Typische Vertreter der Ruderalflurengesellschaften auf normalen Gartenrohböden sind Vogelmiere (Stallaria media), Knöterich (Polygonum-Arten), Hirtentäschel (Capsella bursa-pastoris)...

Böden mit höherem Humusanteil

Knoblauchsrauke (Alliaria petiolata), Giersch (Aegopodium podagraria), Große Brennnessel (Urtica dioica) ...

Junge, wasserdurchlässige Böden

Oft Dachtrespenrasen (Bromus tectorium), Mäusegerstenrasen (Hordeum murinum), Nachtkerze (Oenothera biennis) und einzelne Gräser ...

===Wasserdurchlässige, kiesige Böden=== Natternkopf-Steinkleegesellschaften (Echium- und Melilotius-Arten), ruderalisierte Trockenrasen (Brometalia erecti) und ausdauernde Hochstaudengesellschaften (Artemisietea-Arten) ...

Rohböden aus Schotter und Steinen

Felsgräser (Sedo-Scleranthetea-Arten) und Borstgrasrasen (Nardetalia-Arten) ...

Nasse Böden mit Lehm und Ton

Lehmacker-Wildkrautgesellschaften (Chenopodietea-Arten), Huflattich (Tussilago farfara) sowie Tritt- und Flutrasen (Plantagineta majoris) ...

Bauschuttgemische

Weidenröschen (Epilobium-Arten) und Rautengesellschaften (Plutaceae).

(Gliederung der Rohböden aus Literatur 'Ackerland und Siedlungen' - C. Fink und A. Otte bei Claus-Peter Hutter.)

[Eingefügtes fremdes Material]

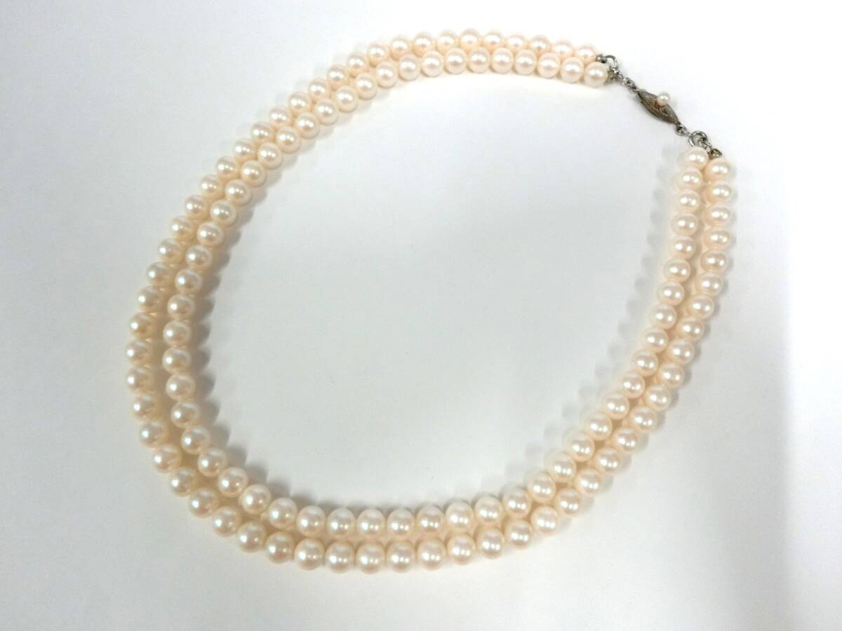 | 45553◆SILVER留め具 2連パールネックレス 6.5mm | ||

Entwicklung einer Ruderalflur

Die Lebenszeit derartiger Pflanzengesellschaften an einem Ort ist unter mitteleuropäischen Verhältnissen meistens zeitlich begrenzt. Bleiben sie einer natürlichen Entwicklung überlassen, setzt unter den Pflanzenarten ein Verdrängungskampf ein, wobei sich nur wenige Arten in oft großer Anzahl durchsetzen und in deren Schutz wiederum andere Arten die nächste Gesellschaft bilden. So dominieren später in großen Beständen - je nach Standortbedingungen und benachbarter Vegetation - oft Große Brennnessel (Urtica dioica), Brombeere (Rubus-Arten), Goldrute (Solidago-Arten), Beifuß (Artemisia vulgaris), Klette (Arctium-Arten), Schwarzer Holunder (Sambucus nigra) oder Sommerflieder (Buddleja davidii) ..., aus denen heraus sich dann durch Samenanflug erste Ansätze so genannter Vorwälder bilden können (Gehölzarten der Gattungen Ahorn, Weide, Eberesche, Esche, Robinie etc.).

Der Zeitraum der Entwicklung einer vegetationsfreien Brache zum Wald dauert in der Regel 10 Jahre oder länger.